If called by the controller and workers are available, the call is submitted to a worker for asynchronous execution.
If called by a worker or if no workers are available, the call is instead executed synchronously on this MPI node.
Examples:
- Provide ids and time estimate explicitly:
for n in range(0,10):
distwq.submit_call("doit", (n,A[n]), id=n, time_est=n**2)
for n in range(0,10):
result[n] = distwq.get_result(n)
- Use generated ids stored in a list:
for n in range(0,10):
ids.append(distwq.submit_call("doit", (n,A[n])))
for n in range(0,10):
results.append(distwq.get_result(ids.pop()))
- Ignore ids altogether:
for n in range(0,10):
distwq.submit_call("doit", (n,A[n]))
for n in range(0,10):
results.append(distwq.get_next_result())
- Call a module function and use keyword arguments:
distwq.submit_call("solve", (), {"a":a, "b":b},
module="numpy.linalg")
- name_to_call (str): name of callable object (usually a function or static method of a class) as contained in the namespace specified by module.
- args (tuple): the positional arguments to provide to the callable object. Tuples of length 1 must be written (arg,). Default: ()
- kwargs (dict): the keyword arguments to provide to the callable object. Default: {}
- module (str): optional name of the imported module or submodule in whose namespace the callable object is contained. For objects defined on the script level, this is "main", for objects defined in an imported package, this is the package name. Must be a key of the dictionary sys.modules (check there after import if in doubt). Default: "main"

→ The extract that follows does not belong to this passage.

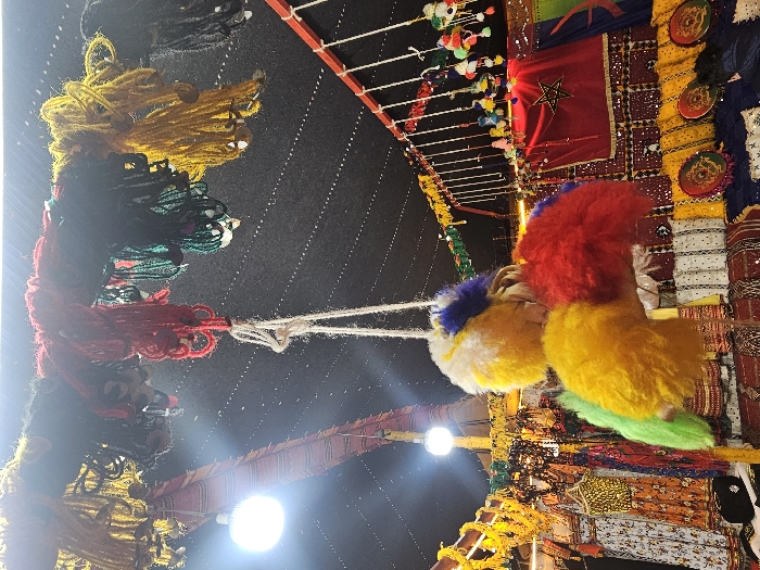 View looking up at a tent ceiling decorated with vibrant textiles and ornaments. Colorful yarns in red, green, yellow, and black hang on the left. Brightly colored, furry objects, including red, yellow, and green, are suspended in the center. A red Moroccan flag with a star hangs above. Decorated fabrics and textiles line the right side, and lights illuminate the scene from below.

- time_est (float): estimated relative completion time for this call; used to find a suitable worker. Default: 1
- id (int or None): unique id for this call. Must be a possible dictionary key. If None, a random id is assigned and returned. Can be re-used after get_result() for this is. Default: None
- worker: int > 0 and < comm.size, or None: optional no. of worker to assign the call to. If None, the call is assigned to the worker with the smallest current total time estimate. Default: None
Returns:
id of call, to be used in get_result().
get_result(task_id)
Returns result of earlier submitted call.
Can only be called by the controller.
If the call is not yet finished, waits for it to finish. Results should be collected in the same order as calls were submitted. For each worker, the results of calls assigned to that worker must be collected in the same order as those calls were submitted. Can only be called once per call.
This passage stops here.